Balakrishnan (Kichu) R Nair, Stephen R Mears, Karen I Hitchcock, John R Attia and Steven J Bowe
Med J Aust 2003; 179 (11): 659-661.
Published online: 1 December 2003

Abstract

Objective: To test for the presence of sex-based differences in perception (the notion that men and women “think” differently, and that differences in perception are biologically based) among healthcare professionals.

Design: Prospective survey.

Setting and participants: 90 medical personnel at a tertiary care hospital in Newcastle, NSW.

Intervention: Healthcare professionals were shown two pictures that could be interpreted as depicting either a young or an old person, and a word that could be seen as geometric shapes.

Main outcome measures: The effects of sex, age, seniority, and specialisation in relation to the first impression of the image, the ability to change one’s perception, and the speed of perception.

Results: Contrary to popular opinion, male physicians were more likely to perceive the older figures, and just as likely as women to be able to change their perception. Surgeons and junior staff were more likely to see, as well as being faster to form, an impression requiring abstract thought, and were more able to change their perceptions.

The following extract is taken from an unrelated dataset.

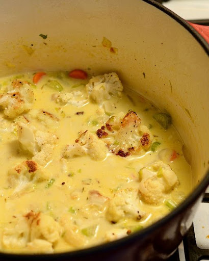 Add the wine and water, whisking to combine with the flour mixture. Then, slowly add in the 2 cups broth. Add the bay leave and roasted garlic cloves. Bring mixture to a boil, then reduce heat to medium-low and simmer for 10 minutes. Add the cauliflower and simmer an additional 5 minutes.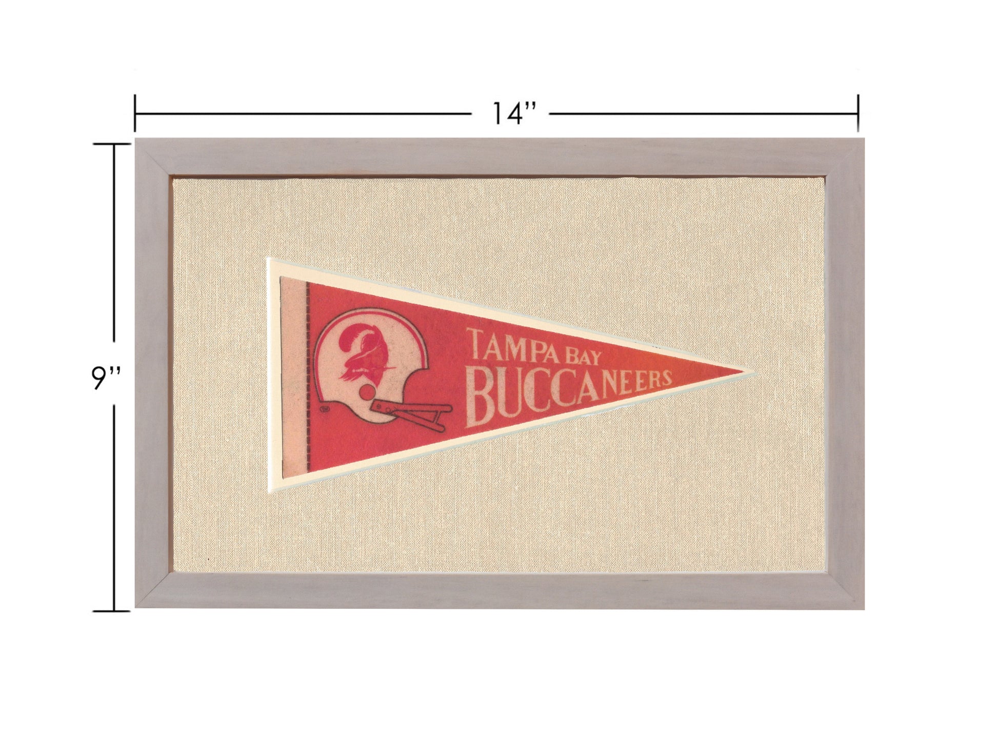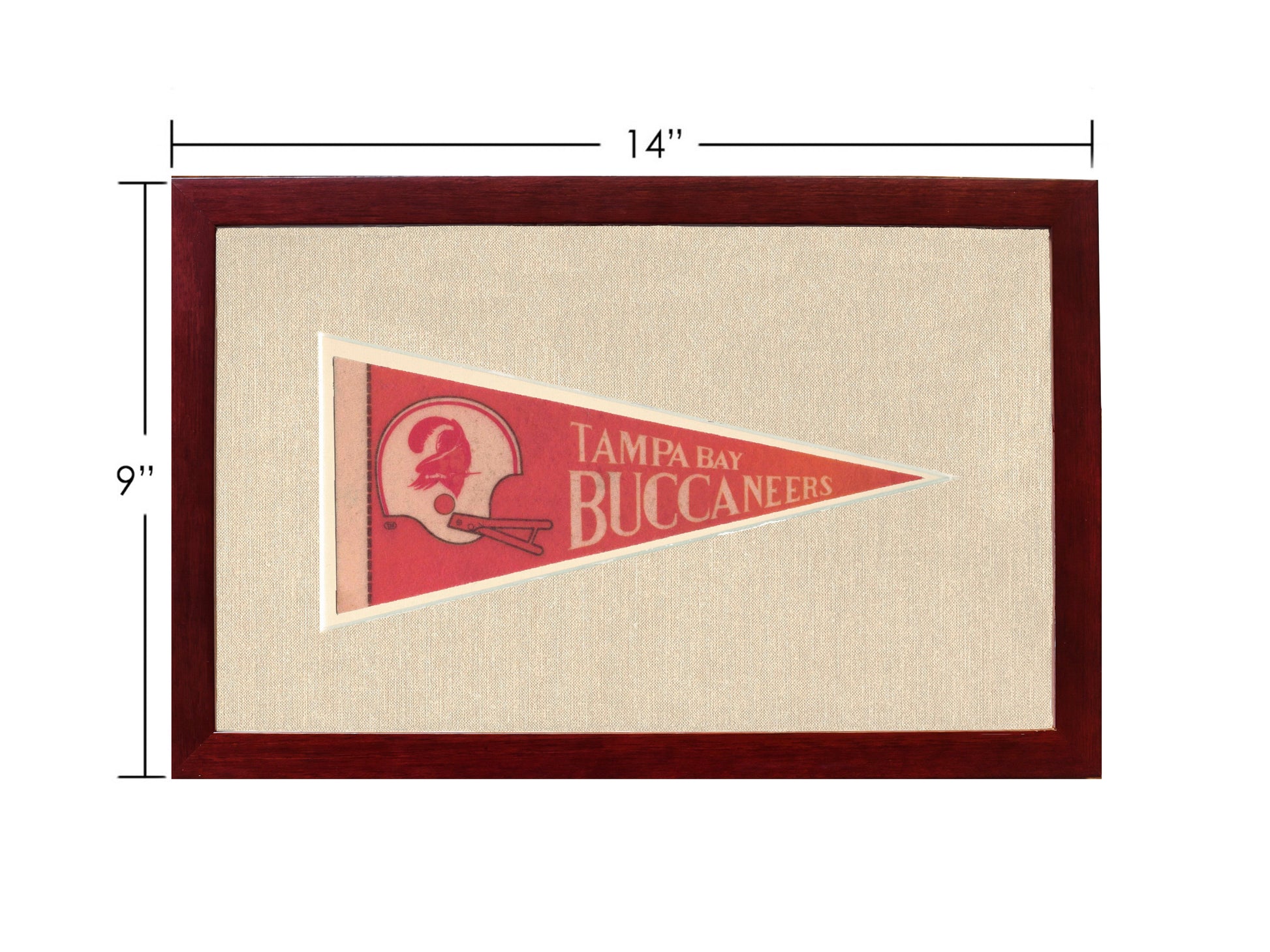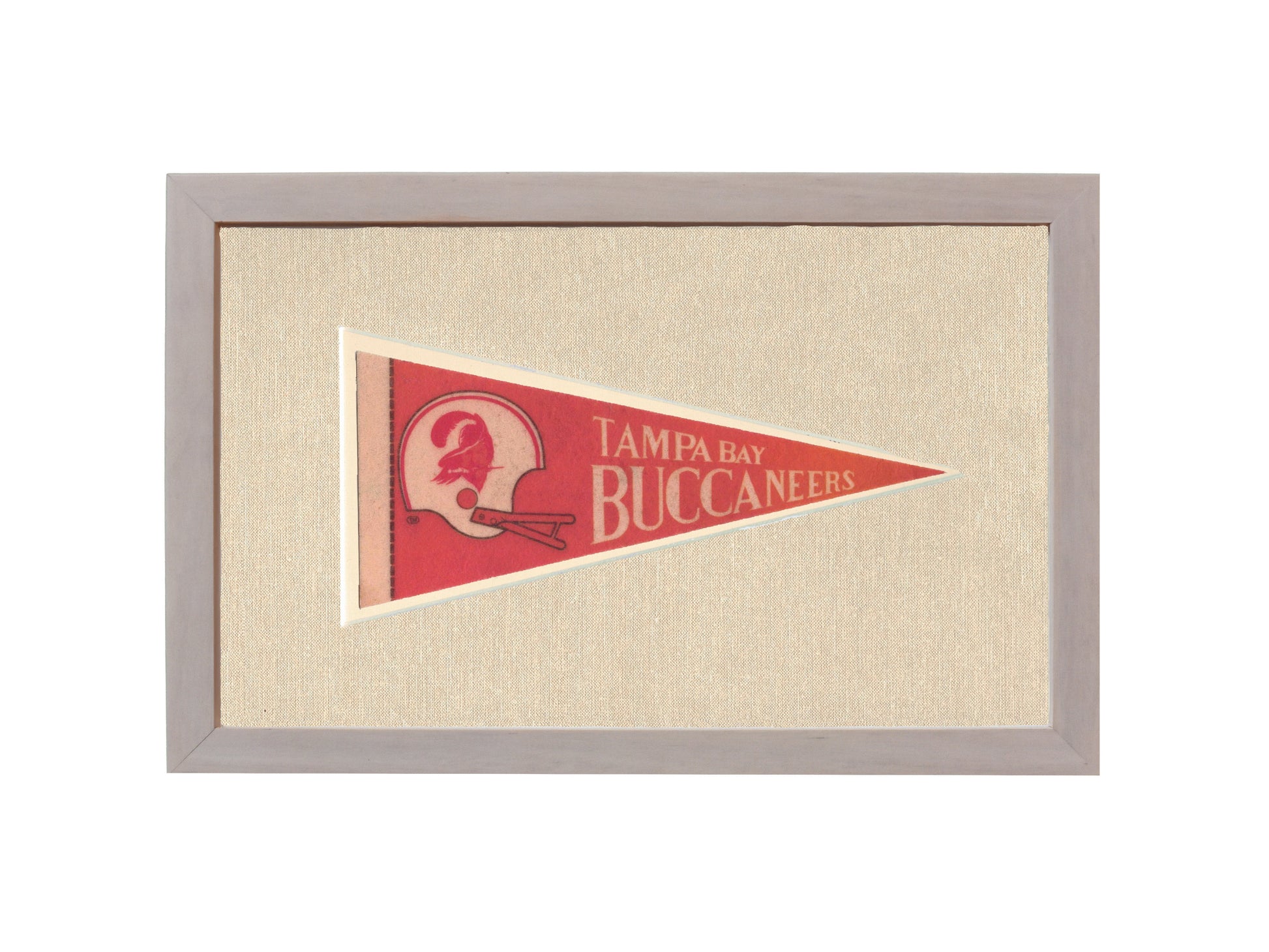 Beautiful framed vintage Tampa Bay Buccaneers pennant. A rare piece that makes the perfect gift for any fan or collector of Tampa Bay Buccaneers memorabilia. Framed in U/V glass and cut mat.

Conclusions: Traditional sex stereotypes do not apply to medical personnel, but other age-based stereotypes, and professional rivalries (medical versus surgical) may have some empiric basis.

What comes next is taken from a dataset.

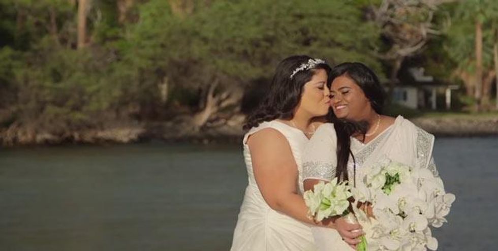 I'd be lying if I said I didn't watch this video several times specifically to try to read the tattoo on one of these brides ("life won't wait," by the way). Each time, though, my favorite part was their first kiss as wife and wife.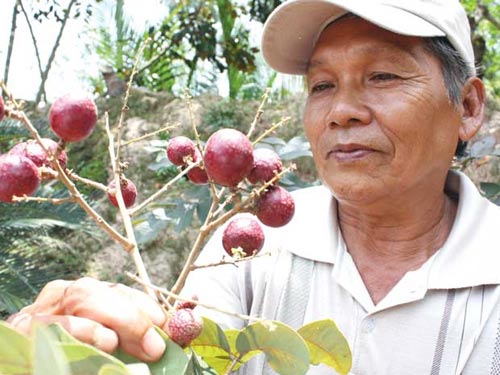 1 triệu đồng mỗi cây giống Lần đầu tiên, trái nhãn tím hiếm hoi xuất hiện tại lễ hội Trái ngon lần thứ 13 tổ chức tại huyện Chợ Lách (Bến Tre), và sau đó ra mắt tại ngày hội Sông nước miệt vườn tổ chức tại tỉnh Sóc Trăng hồi tuần trước. Trái nhãn lạ mắt đã thu hút sự hiếu kỳ của nhiều người và do có số lượng ít đã khiến giá bán sỉ lên tới 80.000 đồng/kg, giá bán lẻ: 2.000 đồng/trái… cũng bị “cháy” hàng ngay những giờ đầu tiên trưng bày tại mỗi nơi. Trong khi đó, giá bán nhãn long bình thường, dù cùng giống, chỉ khoảng 12.000 – 13.000 đồng/kg, nhưng lại được ít người quan tâm. Ông Trần Văn Huy (Bảy Huy), chủ nhà vườn ở ấp Phong Thạnh (xã Phong Nẫm, Kế Sách, Sóc Trăng) hiện đang sở hữu giống nhãn lạ mắt này. “Sau các kỳ lễ hội nêu trên, đã có người đề xuất hợp đồng độc quyền bao tiêu toàn bộ cây nhãn giống của tui với giá 1 triệu đồng mỗi cây, nhưng tui chưa tính toán được có nên hay không giữa lúc này”, ông Bảy Huy nói. Theo ông Huy, trước đây cũng có người từng đặt mua ông Huy mười nhánh nhãn tím với giá 1,5 triệu đồng/nhánh, nhưng ông Huy từ chối vì số lượng đặt mua không đáng kể, trong lúc ông muốn giữ nguyên tính độc đáo của giống nhãn độc quyền này. Trước sự việc cây nhãn tím ra đời, ông Nguyễn Minh Cảnh, phó chủ tịch UBND xã Phong Nẫm, nói: “Ngành nông nghiệp huyện Kế Sách đang tính tới phương án hỗ trợ ông Huy đăng ký độc quyền đối với giống nhãn lạ này, trước khi tính tới chuyện bán giống”. Xuất hiện tình cờ Cách nay mười năm, trong vườn nhãn chuyên canh rộng cả ba công đất (3.000m2) của ông Bảy Huy, chỉ có một cây đơm ra một tược có vài hiện tượng khác thường. Ông Bảy Huy kể: “Lúc đó, phần đọt non có màu đỏ hồng, lá già dần có màu phơn phớt nâu, cành nhãn lúc còn non có màu tím thẫm. Tới mùa khiển cho nhãn ra bông năm đó, nhánh nhãn này cũng cho vài chùm trái non có màu tím như trái nho. Con nít trong vùng thấy lạ nên lén lút bẻ trái khi chưa kịp chín, nên tui chưa biết trong ruột ra sao. Đau lòng hơn, cả nhánh nhãn lạ mắt cũng bị làm gãy mất tiêu”. Tuy nhiên, may mắn thay, trong thân cây mẹ (tại vị trí mọc ra nhánh nhãn màu tím đã bị gãy) vẫn còn một nhánh non có đặc điểm tương tự. “Phải chiết ra, đem về trồng gần nhà để tiện bề gìn giữ, theo dõi, chăm sóc”, ông Huy thầm nghĩ và đã làm như vậy, do vườn nhãn của ông Huy nằm cách nhà ở của ông vài trăm thước. Từ đó, từ một nhánh nhãn lạ mắt mọc ra từ cây mẹ là giống long nhãn bình thường, đến nay, bên hiên nhà của ông Huy có khoảng chục cây nhãn tím, trong đó có bốn cây nhãn lớn đang cho trái, bình quân mỗi cây có thể cho thu hoạch 20kg/năm. Ông Huy xem đây là lộc trời cho nên chỉ để dành tặng cho những người bạn quý thưởng thức, và nếu có bán thì chỉ bán cho những người quen thuộc khi mùa nhãn chín trùng với dịp lễ tết, hay có đám tiệc với giá 50.000 đồng/kg. Bất ngờ liên tiếp Mùng 5.5 vừa rồi, một người quen ở địa phương đã nài nỉ ông Huy để mua cho bằng được khoảng 6kg nhãn tím, đưa đi tham dự lễ hội Trái ngon tổ chức tại Chợ Lách (Bến Tre). Sau khi cảm nhận được tính độc đáo của giống nhãn tím, ông này trở về bàn bạc, hợp tác với ông Huy chiết nhánh bán giống thông qua hợp đồng độc quyền bao tiêu. Ngày hội Sông nước miệt vườn tổ chức tại Sóc Trăng cuối tuần rồi, đại diện UBND xã Phong Nẫm cũng đặt mua ông Huy khoảng 5kg nhãn (50.000 đồng/kg) đem dự triển lãm. Những người lần đầu tiên thưởng thức trái nhãn tím đã nhận xét, do đây là nhánh mọc ra từ cây mẹ là giống long nhãn, nên hình thù trái hoàn toàn giống cây mẹ, cơm nhãn cũng có màu trắng, hương vị cũng giống nhãn long, nhưng chỉ khác ở màu lá, màu trái… tím. Qua thử nghiệm nhiều năm, ông Bảy Huy cho biết: “Đó là cây nhãn long có màu tím thay vì màu xanh như thông thường. Hột nhãn lớn, chẻ ra bên trong ruột đôi khi cũng có màu tím (thay vì trắng đục như nhãn bình thường), nhưng khi đem gieo có lúc lại mọc lên cây long nhãn như bình thường”. Còn ông Bùi Thanh Liêm, trưởng phòng nông nghiệp và phát triển nông thôn huyện Chợ Lách (Bến Tre), thành viên ban tổ chức lễ hội Trái ngon thứ 13, thừa nhận: “Huyện Chợ Lách qua 12 năm tổ chức hội trái ngon, chưa từng nhìn thấy trái nhãn có màu tím bao giờ”. Nhận xét về cây nhãn tím, tiến sĩ Võ Công Thành, bộ môn di truyền – chọn giống và ứng dụng công nghệ sinh học, khoa nông nghiệp (đại học Cần Thơ) cho biết: “Đây là hiện tượng đột biến khá lạ trên cây nhãn có liên quan tới di truyền. Muốn rõ hơn về hiện tượng này, cũng như những biến đổi (nếu có) trong chất lượng trái, cần có những nghiên cứu, phân tích sâu hơn”. Hiện nay, ở vùng đồng bằng sông Cửu Long có trên 40.000ha nhãn các loại, tập trung lớn nhất tại Vĩnh Long với trên 9.000ha, nhưng hầu như

Stereotypes about sex differences are rife in the popular press and in the media.1 Men are portrayed as being obsessed with sex and sports, with a beer in one hand and the television remote control in the other. Women are portrayed as being intuitive, in touch with their feelings, generally “connected”, and nurturing. These stereotypes extend to cognition, with men reported to be systemisers and women empathisers.2

In support of their claims about sex differences, Pease and Pease make use of images that can be perceived in two ways.1 Box 1 shows a well known example of this (Picture 1). First seen on a postcard from Germany in 1888, it was published in Punch as “My Wife and Mother-in-Law” and popularised by the British cartoonist W E Hill in 1915.3 According to Pease and Pease, women are more likely to see an old woman with her chin tucked into the collar of her coat, while men are more likely to see the left-sided profile of a young woman who is looking away. These dual pictures became very fashionable in the 1930s, and many others were developed. For example, Picture 2 in Box 1 can be taken as an old cowboy with his chin tucked into his scarf, or as a young cowboy in right-sided profile, looking away.1

Further generalisations are made along right brain/left brain lines, in claiming that men are more “concrete” in the way they visualise objects, whereas women are more abstract, leading to the many jokes about men, women, maps, and directions. Pease and Pease give the example of Picture 3, claiming that men tend to see geometrical shapes, whereas women recognise the word “FLY”.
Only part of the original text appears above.